A CONVERSATION
WITH MY GRANDMOTHERおばあちゃん


As your eyebrows眉毛 furrow in maternal
concern, my palms begin to dampen.汗が出てきた。

Spilling over and dribbling垂れる down my chin,
the colloquialisms of a language I once felt
so intimately close to seep out of my system.

I feel as though I have lost the voice話し方が変わった of a local, my
tongue tinged blue in mourning of a language
I wear so proudly on my skin, and yet ...

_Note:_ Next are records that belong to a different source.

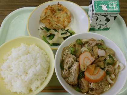 今日の献立は、ごはん、牛乳、野菜かき揚げうどん、やちゃらです。
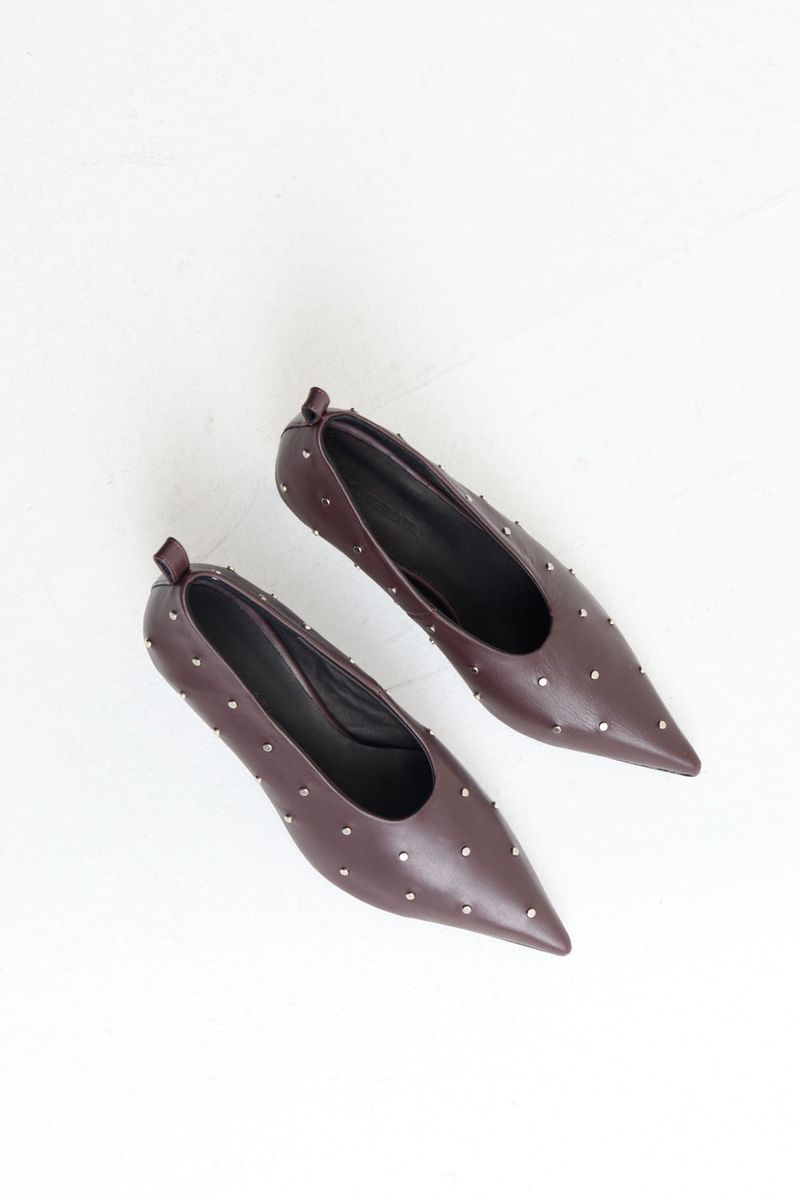 Zapato en punta realizado en cuero vacuno, con taco de 4 cm y posee tachas en toda su capellada.posee forreria de cuero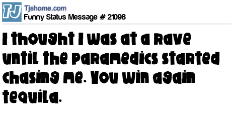 - # 25199 I thought I was at a rave until the paramedics started chasing me. You win again tequila.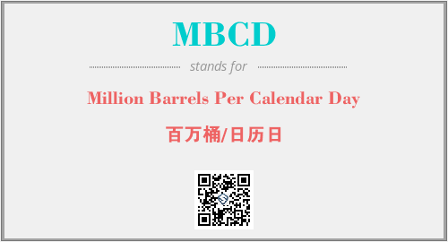 上述内容是“Million Barrels Per Calendar Day”作为“MBCD”的缩写,解释为“百万桶/日历日”时的信息,以及英文缩略词MBCD所代表的英文单词,其对应的中文拼音、详细解释以及在英文中的流行度和相关分类、应用领域及应用示例等。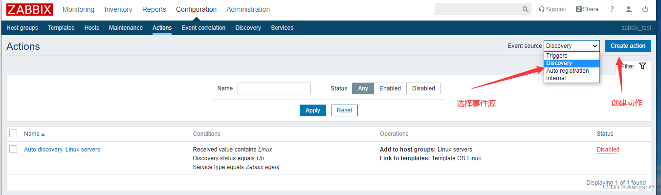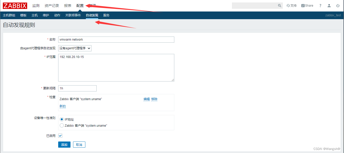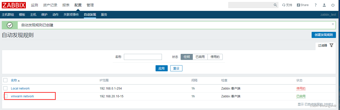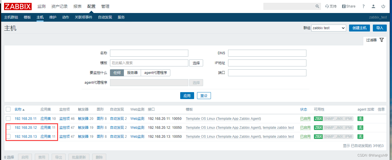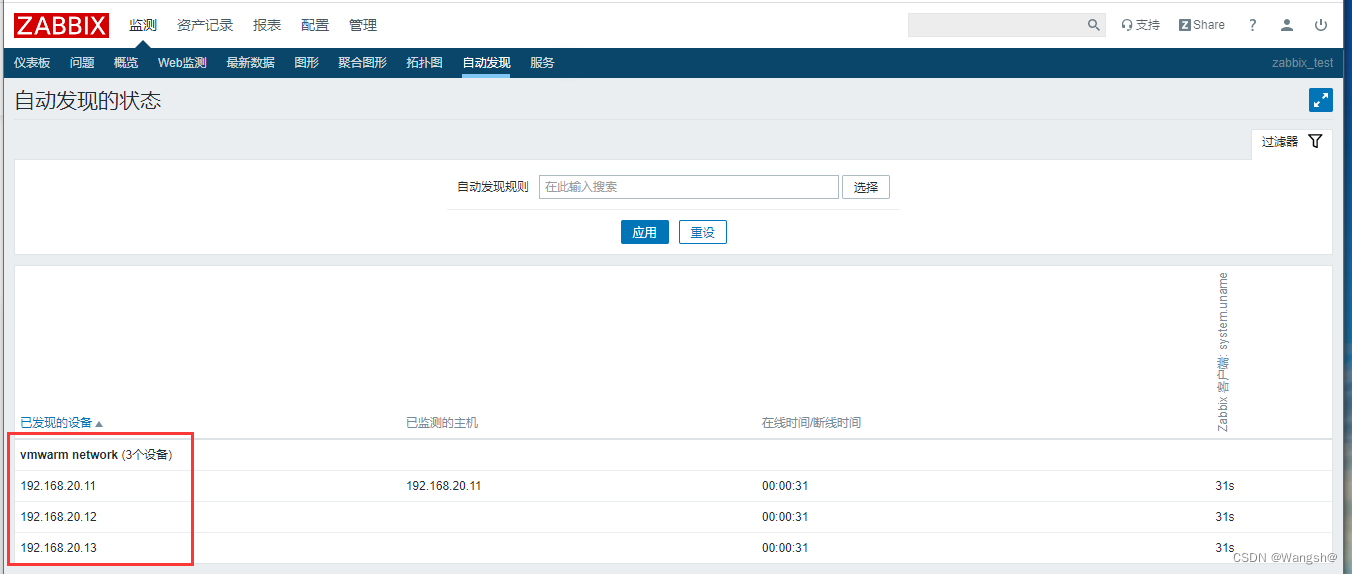 进入监控-自动发现,可以看到已经自动发现了对应ip地址段内的三台机器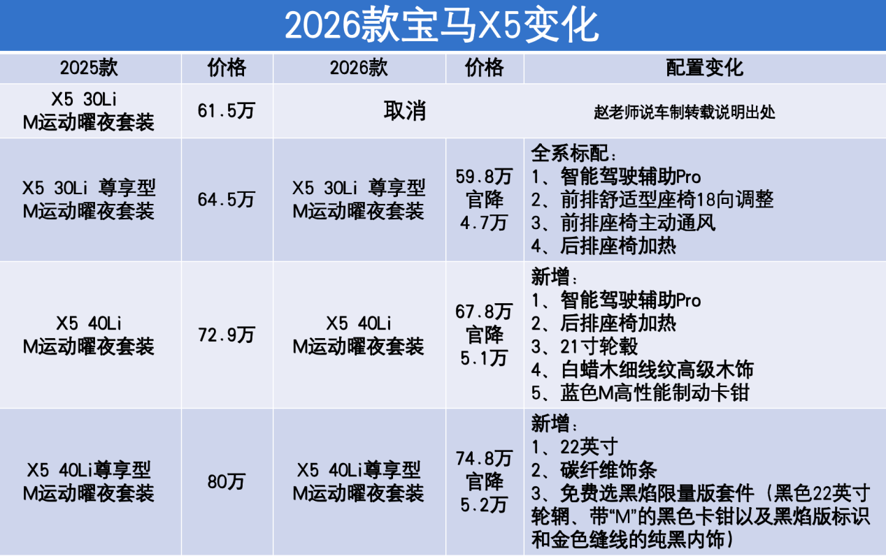 2、3.0T的寶馬X5入門版除了新增的駕駛輔助Pro、后排座椅加熱,還有21寸輪轂,藍色M卡鉗,白蠟木內飾,官方指導價相比于老款寶馬X5降了5.1萬,2026款寶馬X53.0T入門指導價是67.8萬,因為老款3.0T車不多,所以11月份開始生產的就屬于2026款了,這配置不錯,但是目前優惠不大,想要優惠大一些估計得等等了,不過3.0T的寶馬X5現在產量不多,后期價格走勢還要看消費者買不買六缸發動機的賬了!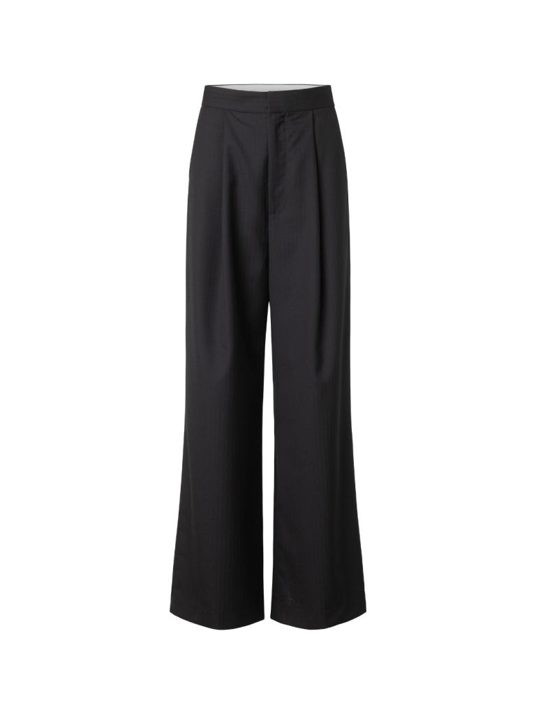 Mørkeblå Pansy Custommade Pinstripe Bukser. Lavet af den lækreste uldblanding og med sin brede pasform er de super flatterende med en skjorte eller strik. Hvorfor ikke gøre det til fuldt jakkesæt med den matchende jakke Fabiana Stripes.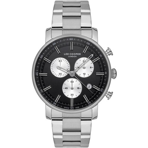 Pánske náramkové hodinky Napájanie z batérie Priemer puzdra 43,0 mm Puzdro v tvare kruhu Kovové puzdro Strieborná farba puzdra Kovový ťah Strieborná farba ťahu Ručičkový ciferník Čierna farba ciferníka Ciferník s dvanástimi indexmi Materiál skla - minerálne sklo Odol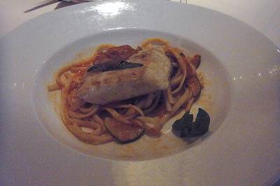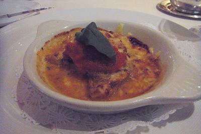 ・ナスのオーブン焼きパルミジャーナ ・ベネチア風あずきとパスタのスープ ・マヒマヒのソテー、セージとパルマハムのせ ・牛肉の赤ワイン煮込み ・ティラミス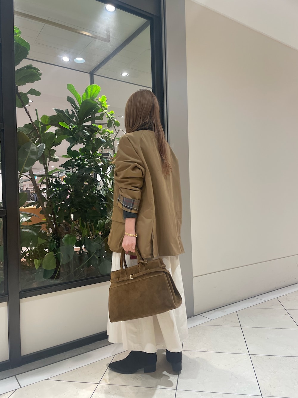 あえてキレイめブーツとバックに合わせるのもカジュアルになりすぎなくておすすめです!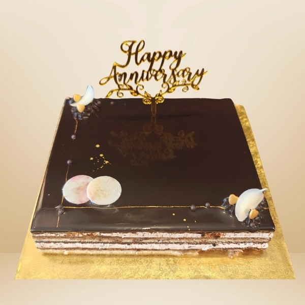 Opera cake (French: Gâteau opéra) is a French cake. It is made with layers of almond sponge cake (known as Joconde in French) soaked in coffee syrup, layered with ganache and coffee (or Grand Marnier) French buttercream, and covered in a chocolate glaze.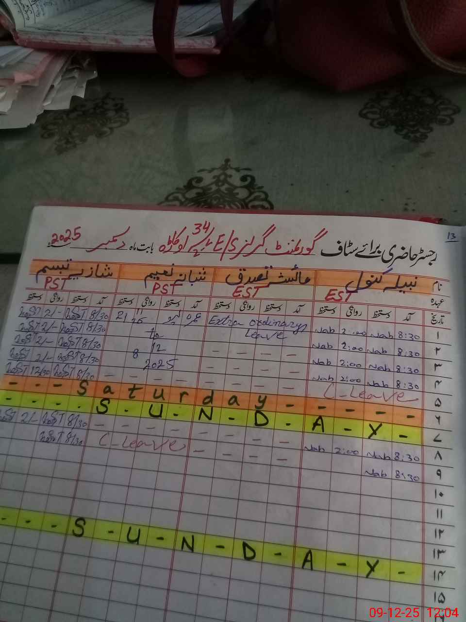 | CNIC | Full Name | Designation | R/C | Absence During Last Calender Month |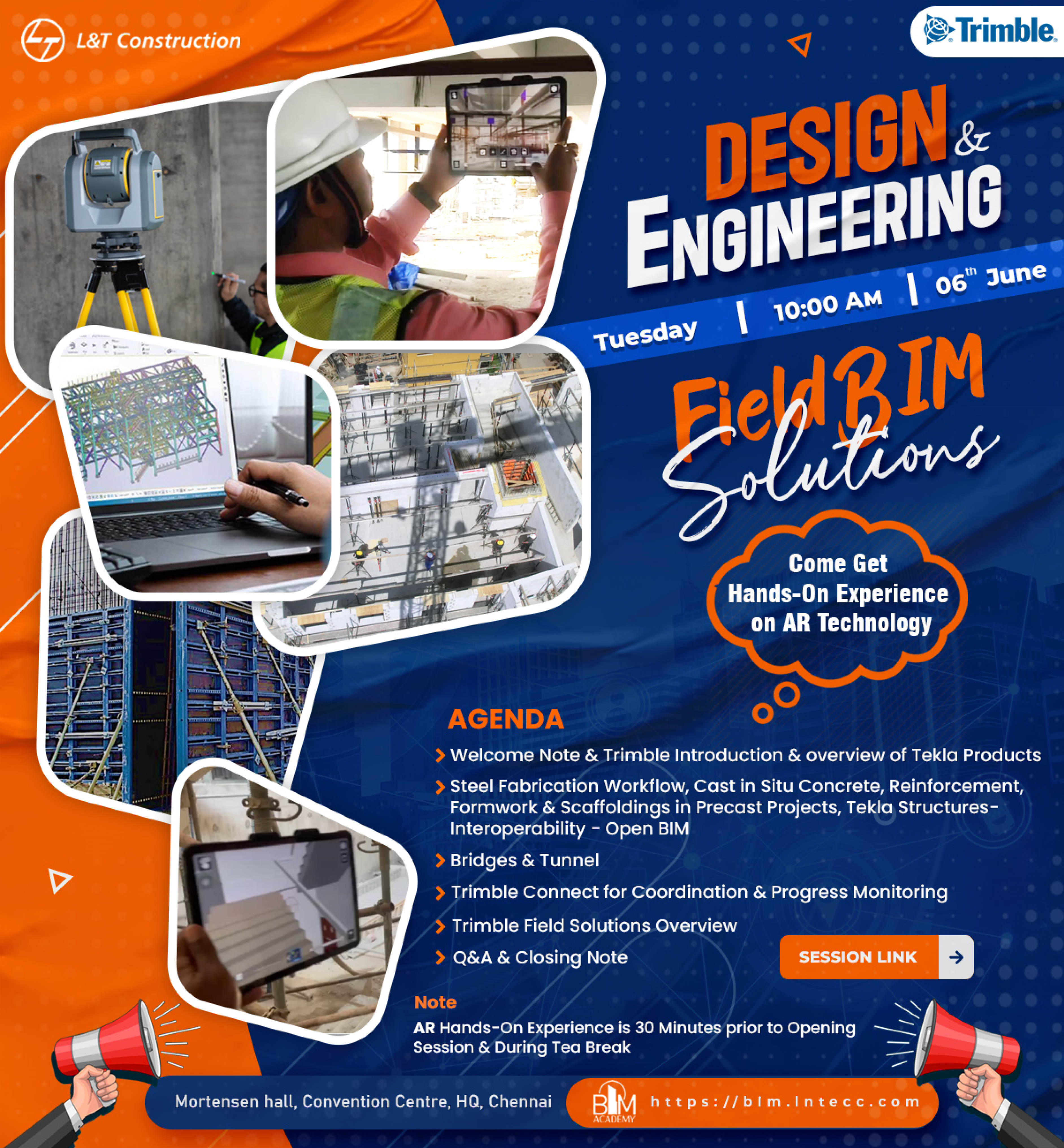 Trimble Inc., a key technology provider, conducted a seminar on June 6, 2023, at Mortensen Hall, Convention Centre, Manapakkam campus, in association with BIM academy.
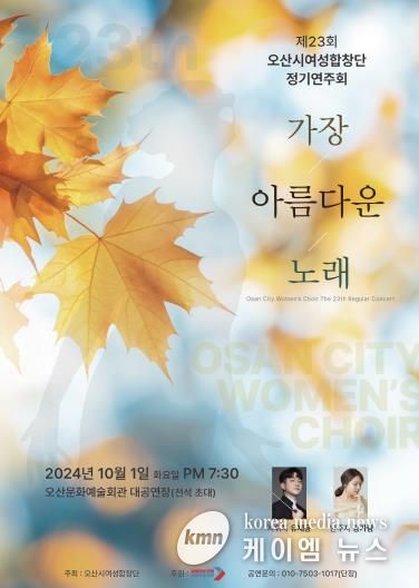 (케이엠뉴스) 오산시가 오는 10월 1일 오산문화예술회관 대공연장에서 '제23회 오산시여성합창단 정기연주회'를 개최한다.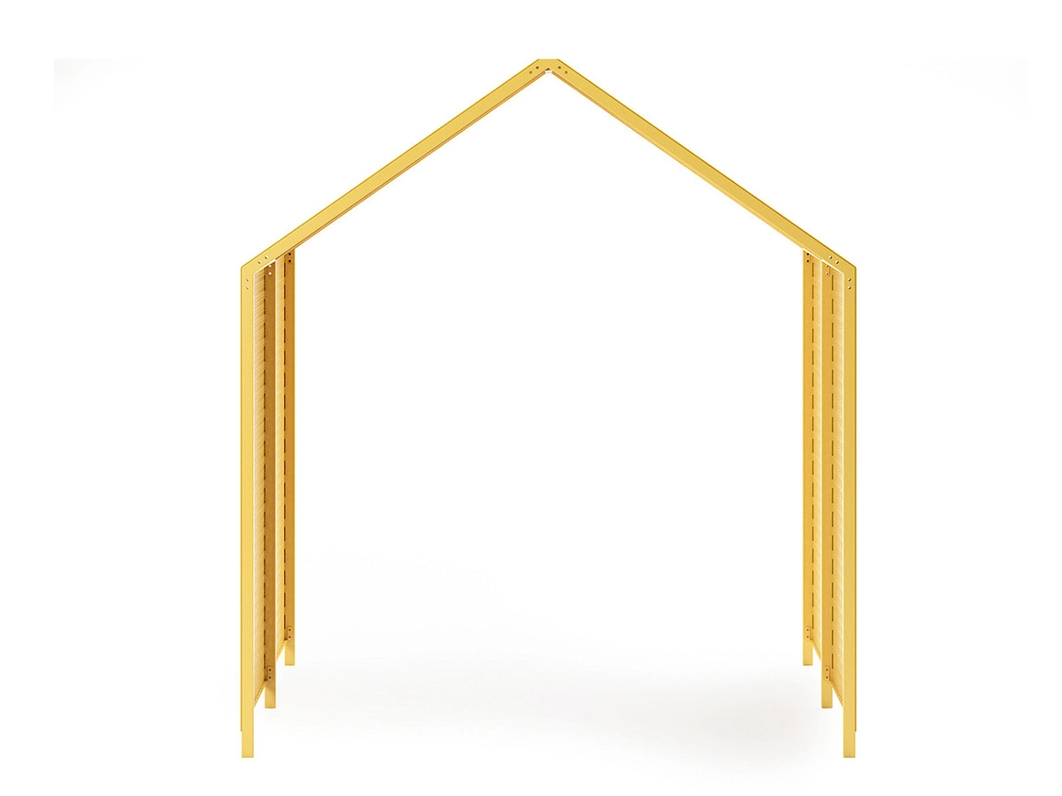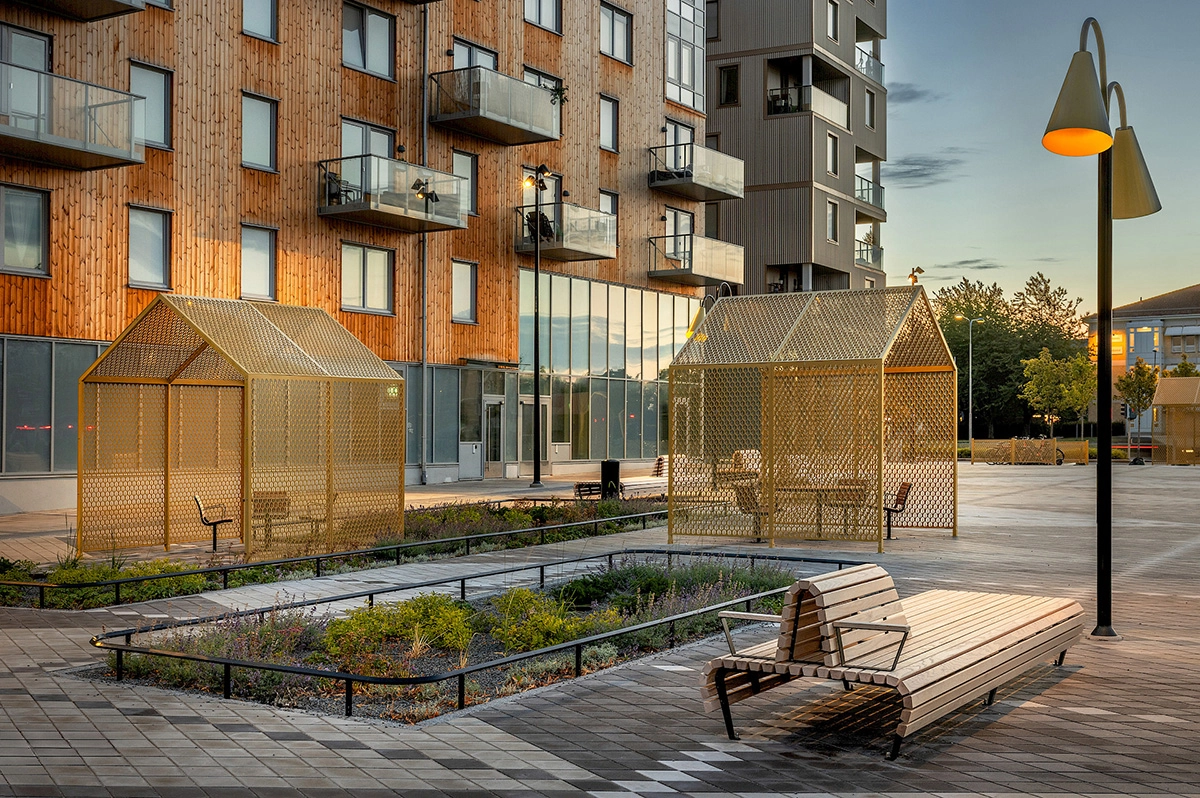 Made of steel, the pavilion is built to withstand weather and wear while offering great freedom in shape and colour. Its archetypal form and perforated pattern are inspired by Swedish Folkhem architecture. A nostalgic aesthetic that pays tribute to the legacy of Anders Diös, the developer whose influence still shapes this part of Uppsala where the idea for the pavilion was first born.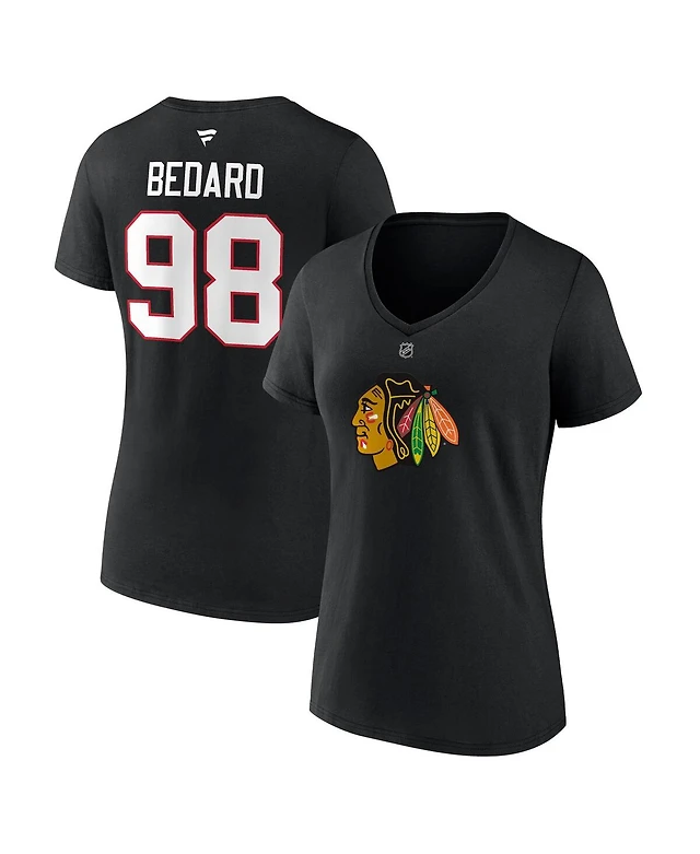 Women's Fanatics Connor Bedard Chicago Blackhawks 2023 Nhl Draft Authentic Stack Player Name and Number V-Neck T-shirt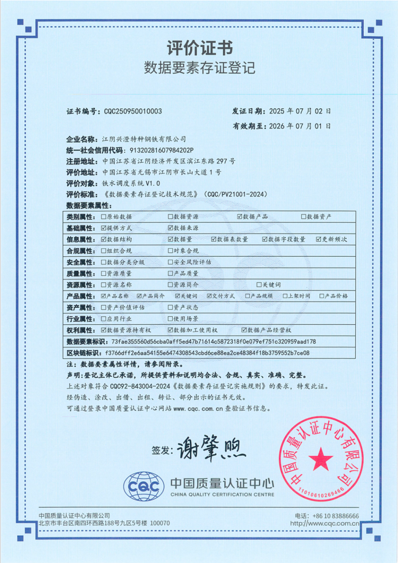 近日,江陰高新區(qū)企業(yè)江陰興澄特種鋼鐵有限公司(以下簡稱“興澄特鋼”)獲得由中國質(zhì)量認證中心(CQC)發(fā)放的數(shù)據(jù)要素存證登記證書,這是國內(nèi)鋼鐵行業(yè)首張數(shù)據(jù)要素存證登記證書(編號“003”)。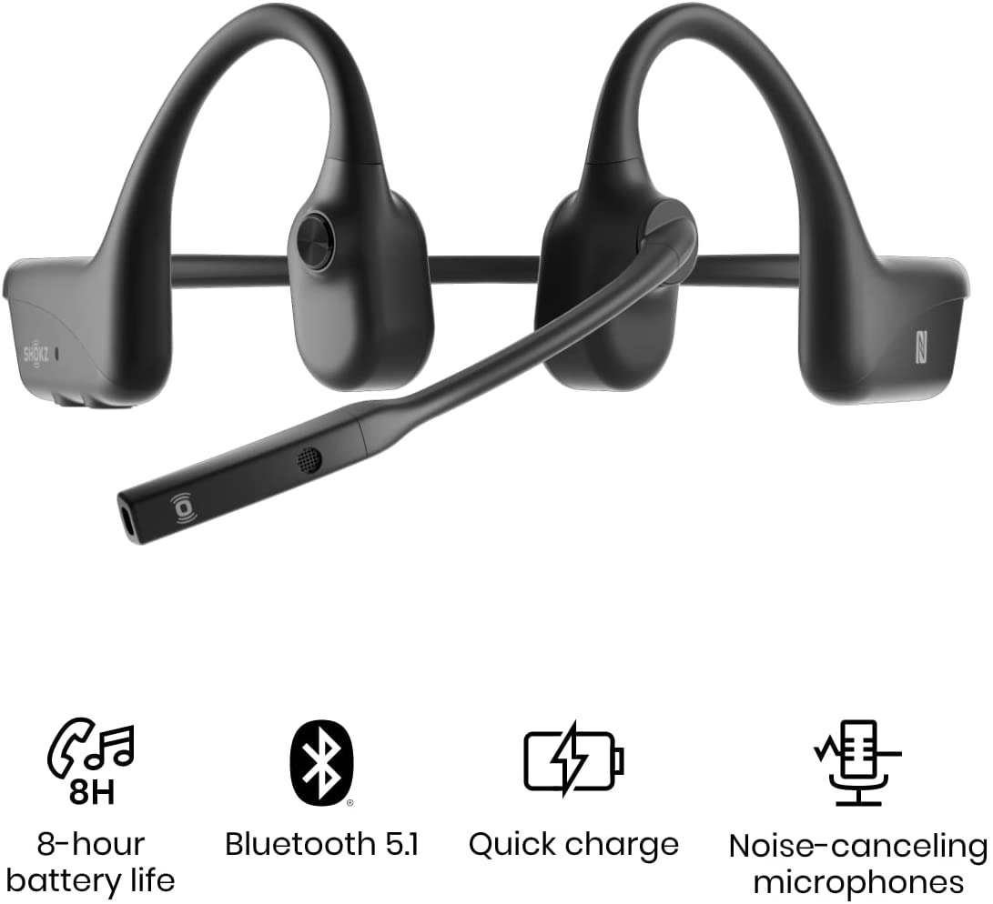 Shokz OpenComm - Black | Bone Conduction Open-Ear Stereo Wireless Bluetooth Headset with Noise-Canceling Boom Microphone

As the sky saddened from purple to grey,むらさきからはい色
we entered a game of linguistics, each
one of us attempting to decryptかいけつ what
the other was saying until, finally,
we reached a mutual understanding.



Even though I now find myself lost迷子 in
this semantic labryinth迷路, you and I
both know this wasn't always the case.

Indeed, I once spoke your tongue with
such ease that I coaxed sounds that could
convince a native,地元の人 embellished with idiomatic
exclamations.

Yet as I feel the stare of curious strangers他人 lock onto me, time after time again,
like a thick gauze of sound reverberating within the corners of my skull,
one overwhelming reminderなやみ rings in my head:

YOU MAY FEEL LIKE YOU BELONG
- BUT CAN YOU TRULY BELONG IF
THE PEOPLE WITHIN YOUR
COMMUNITY DO NOT RECOGNISE
YOU AS ONE OF THEM?

If this isn’t it, then there is no place for me. The East has irreversibly
woven itself into the fabric手触り of my identity, its faces more heavily
involved, its language feeding more into the vivid and robust texture
of my life.

My skinはだ relays an incompatible message; but
I only feel comfortable, at home,心地より when with you.